While some students immediately thrive in the structured, education-rich environment of a kindergarten classroom, others struggle to conform to the behavioral requirements of school. If your child exhibits behavioral problems upon entering kindergarten, he is far from the only one. Many children find this transition to formal education challenging and, as a result, act out in their kindergarten classrooms.
Rigors of Regimentation
Although you may try to maintain a regular schedule at home, you likely do not have an environment that is quite as regimented as the one your child will face in kindergarten. This suddenly strict schedule proves challenging to many kindergarteners. It can be difficult for these students to become accustomed to the fact that their desires have little impact on what they do throughout the day, leading them to act out or refuse to follow directions, particularly when those directions ask them to stop playing and engage in quiet learning activities.
Reduced One-on-One Time
If your child is used to having your undivided attention, sharing the attention of his kindergarten teacher with a room full of other students may prove challenging. Your child may engage in misbehavior, because doing so gets him some of the attention he desires. If you notice that your kindergartener's behavior leaves something to be desired, and you feel that this behavior is a result of the fact that he is no longer king of the castle, you may want to give him a bit more attention at home and discuss the fact that his teacher has to divide her time between students.

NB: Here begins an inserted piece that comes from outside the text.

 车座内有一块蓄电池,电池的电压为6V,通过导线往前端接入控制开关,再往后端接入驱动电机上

While the lessons of kindergarten seem simple to grown individuals, they commonly prove challenging to children who have to start from scratch. As FamilyEducation reports, learning these lessons leads to frustration in some kindergarten students. These students may respond by acting out. If your child struggles to learn his lessons, sit down with him at home and work one-on-one with him. This will make him less likely to misbehave in class.

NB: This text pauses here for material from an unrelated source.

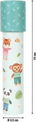 De Kaleidoscoop Junglevrienden SMALL FOOT verrukt kinderen vanaf 3 jaar met een speels design met motieven van tijger, olifant, aap, zebra, panda en nijlpaard. Bij elke draai verschijnen binnenin steeds weer nieuwe geometrische patronen die de fantasie prikkelen en kinderen leren kleuren en vormen te herkennen.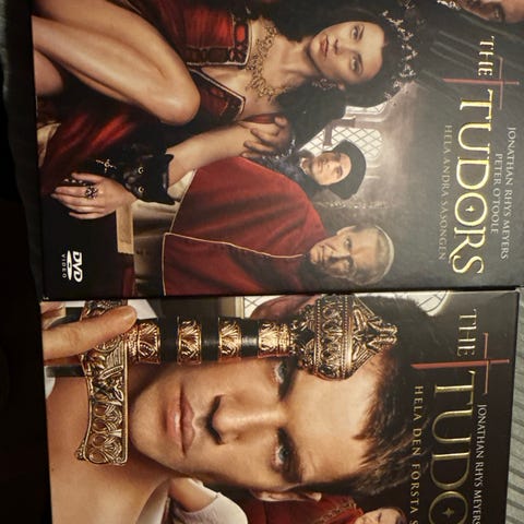 The Tudors sesong 1–2 DVD-bokser. Historisk dramaserie om Henrik VIII og det engelske hoffet. Utgivelsen består av to separate DVD-bokser som dekker hele første og andre sesong. Boksene inneholder flere episoder per plate samt ekstramateriale som intervjuer og bakomklipp, avhengig av utgave. Lyd- og tekstspråk følger spesifikasjonene på baksiden av coveret, med opplysninger om blant annet spilletid, aldersgrense og format (regionkode, bildeformat og lydspor). Passer for seere som ønsker en kostymedrama-serie satt til Tudor-tiden i England.

Importance of Kindergarten Behavior
Many parents worry that misbehavior in kindergarten could lead to academic woes later in life. While this thought is logical, it proves untrue, reports "The New York Times." Children who have behavioral problems during kindergarten do not suffer a poor academic fate. Eventually, they catch up with their peers.
Turning the Tide
Some parents are openly embarrassed by their kindergartener's behavioral issues. Doing this will only hurt your struggling kindergartener more. If your student seems to misbehave in his kindergarten class on a regular basis, be proactive. Speak with his teacher about his behavior and ask her what you can do to help. Not only will you likely gain useful information by doing this, you will also show your child's teacher that you are a concerned parent who is interested in your child's education.